Between 1945 and the mid–1970s, England and most jurisdictions in the United States replaced the contributory negligence doctrine with a doctrine of “comparative negligence” by which a plaintiff's recovery against a single tortfeasor would be reduced to the extent that his or her own actions caused the injury for which he or she sought to recover from the defendant. Id. at 414–15 & n.16;  see also Black's Law Dictionary 341–42 (10th ed. 2014) (defining the “comparative-negligence doctrine” as “[t]he principle that reduces a plaintiff's recovery proportionally to the plaintiff's degree of fault in causing the damage, rather than barring recovery completely” and noting that most states have statutorily adopted the doctrine). Florida abandoned contributory negligence for comparative negligence in 1973. See Hoffman v. Jones, 280 So. 2d 431, 438 (Fla. 1973).
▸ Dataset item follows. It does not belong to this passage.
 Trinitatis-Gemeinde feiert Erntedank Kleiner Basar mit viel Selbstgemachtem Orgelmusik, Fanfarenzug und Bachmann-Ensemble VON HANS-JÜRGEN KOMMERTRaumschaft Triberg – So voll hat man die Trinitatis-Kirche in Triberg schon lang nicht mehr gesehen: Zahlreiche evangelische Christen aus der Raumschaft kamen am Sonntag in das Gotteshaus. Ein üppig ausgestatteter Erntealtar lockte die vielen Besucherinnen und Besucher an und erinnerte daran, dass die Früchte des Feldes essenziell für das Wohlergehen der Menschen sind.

Cases involving two or more tortfeasors are more complicated and have spawned various rules in various jurisdictions at various times to address the “first principles.” Focusing on a desire to make the injured party whole, a doctrine of joint and several liability began to be widely applied in many contexts involving multiple tortfeasors. See generally, Gerald W. Boston, Apportionment of Harm in Tort Law:  A Proposed Restatement, 21 U. Dayton L. Rev. 267 (1996). Under this doctrine, a tortfeasor is held fully liable for all damages caused by all tortfeasors. This doctrine promotes the principle of making an injured party whole but usually results in a tortfeasor compensating the plaintiff for harm that the tortfeasor did not cause. See Agency for Health Care Admin. v. Associated Indus. of Fla., Inc., 678 So. 2d 1239, 1257 (Fla. 1996) (explaining that joint and several liability “allows a claimant to recover all damages from one of multiple defendants even though that defendant may be the least responsible defendant in the cause”).
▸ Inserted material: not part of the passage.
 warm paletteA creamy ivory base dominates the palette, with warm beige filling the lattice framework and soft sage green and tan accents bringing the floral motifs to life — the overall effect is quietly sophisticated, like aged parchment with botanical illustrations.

While some jurisdictions applied joint and several liability, other jurisdictions applied comparative negligence principles to the multiple-tortfeasor problem. See Boston, supra, at 291. And, ultimately, almost all jurisdictions ended up selecting comparative negligence principles over joint and several liability as the fairest system overall, in most cases. See, e.g., 86 C.J.S. Torts § 96 (June 2017 Update) (“Where the tortfeasors have not acted in concert and have caused separate and distinct harms or injuries, each tortfeasor is only severally liable for the damage caused by its own tortious conduct.”). Now, in most cases, “an injury caused by two or more persons should be apportioned according to their respective shares of comparative responsibility.” Restatement (Third) of Torts:  Apportionment Liab. § 26 cmt. a. (2000). In Florida, these general principles were codified in statute when the Legislature adopted the “Uniform Contribution Among Tortfeasors Act” in 1975. See ch. 75–108, Laws of Fla. (creating § 768.31, Fla. Stat. (1975)).4

The law in Florida also appears to have developed to address the competing efficiency and plaintiff's choice concerns in a fair way. A plaintiff can join all tortfeasors in one action (assuming that the tortfeasor can be found and a Florida court has personal jurisdiction over the party). See Fla. R. Civ. P. 1.210. And, if a plaintiff has no desire to sue a tortfeasor, the other defendant tortfeasors can still have the absent tortfeasor included on the verdict form so that each defendant is held responsible only for the harm attributable to its conduct. See Fabre v. Marin, 623 So. 2d 1182, 1185–87 (Fla. 1993), receded from on other grounds by Wells v. Tallahassee Mem'l Reg'l Med. Ctr., 659 So. 2d 249 (Fla. 1995).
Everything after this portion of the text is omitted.